Ball contains granulated sugar, brown sugar, softened butter, and vanilla paste. True nectar of the gods levels of delicious. Ball was formed by the really wacky & cool physics in my food processor.
Sale price is nine billion nine hundred and ninety-nine million nine hundred and ninety-nine thousand nine hundred and ninety-nine dollars and ninety-nine cents.
I'll bid three felted cat hair balls, humanely harvested from organic free range cats in my house. While not a delicious, they are far more durable, and fun to throw harmlessly at friends and family.

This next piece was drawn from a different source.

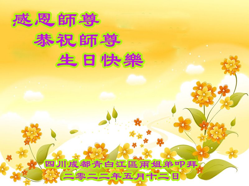 在这普天同庆世界法轮大法日、法轮大法洪传三十周年的日子里,恭祝师尊生日快乐!弟子想念师尊。今生能成为师尊的弟子,感到无上荣幸,在正法的最后时期,抓紧时间做好三件事,圆满随师还。感恩师尊慈悲救度! 四川成都青白江区姐弟俩敬贺法轮大法日!恭祝师父生日快乐!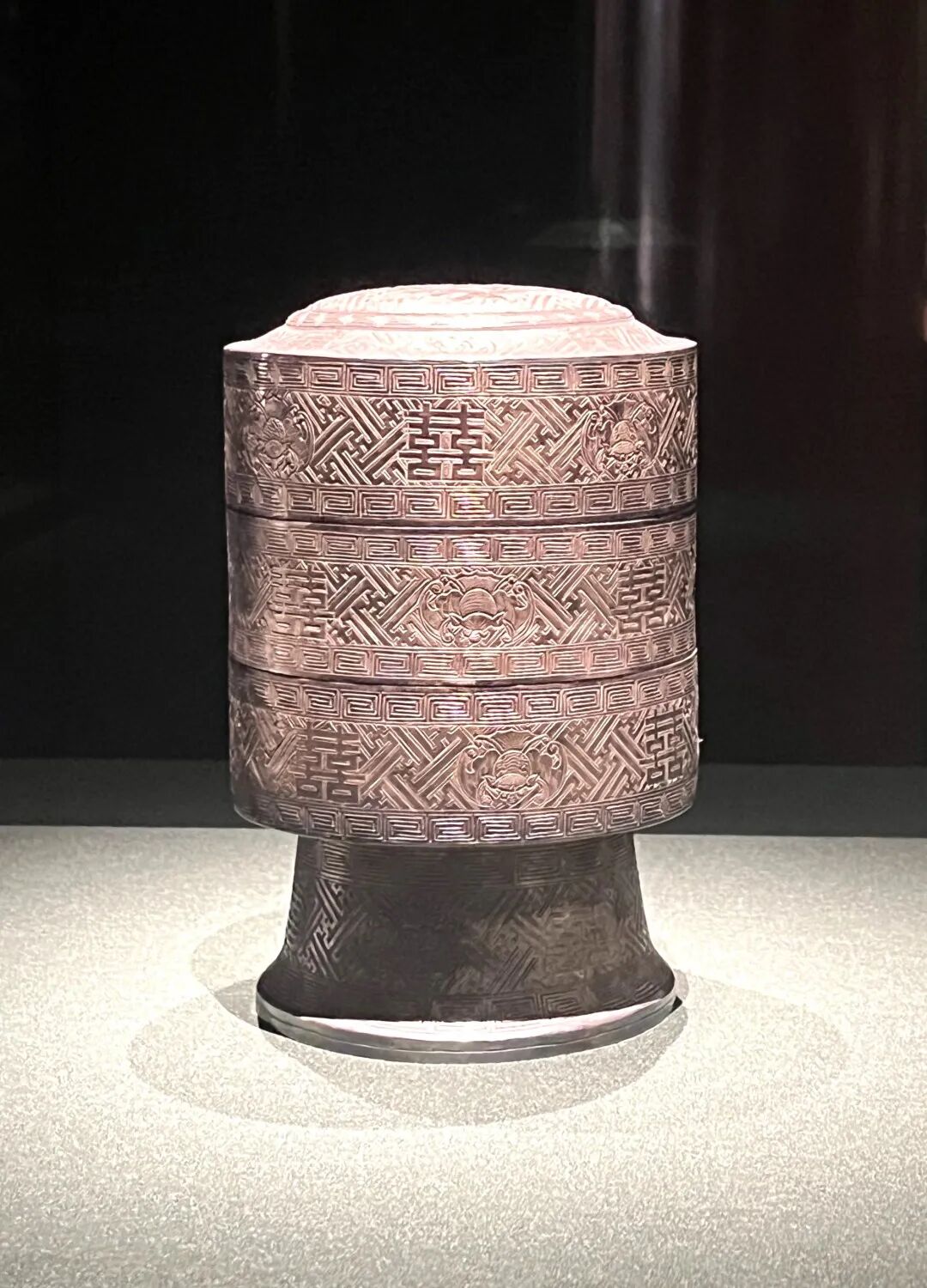 这件银质食盒上饰有“喜”字,应该皇室成员婚礼时所用。

I'll trade you The Ninja Who's Always Behind Me But Too Sneaky To Be Seen. I've been trying to catch that slippery fuck for six years now, and never seen so much as glimpse. Everyone says there's no Ninja behind me, but I know it's just that they're too good to be seen just by getting looked at, like some common bozo.
Sadly enough money is of no value to me and i do believe you deserve a fair deal.
I have a “a deck of blue eyeswhite dragon yugioh card”, which derived its extra rare value from the fact i found it near a empty playground having spot it from over 10m away, as a kid while i owned no cards myself. Meaning this one card was now my entire deck.
But i would need to look for it trough my old junk and i dont remember its condition. I dont think itl suffice.
I could offer a cubic rock i found at gizah, egypt with the same color as the pyramids but that one is priceless.
Is half a 1980 penny already worth nine billion nine hundred and ninety-nine million nine hundred and ninety-nine thousand nine hundred and ninety-nine dollars and ninety-nine cents?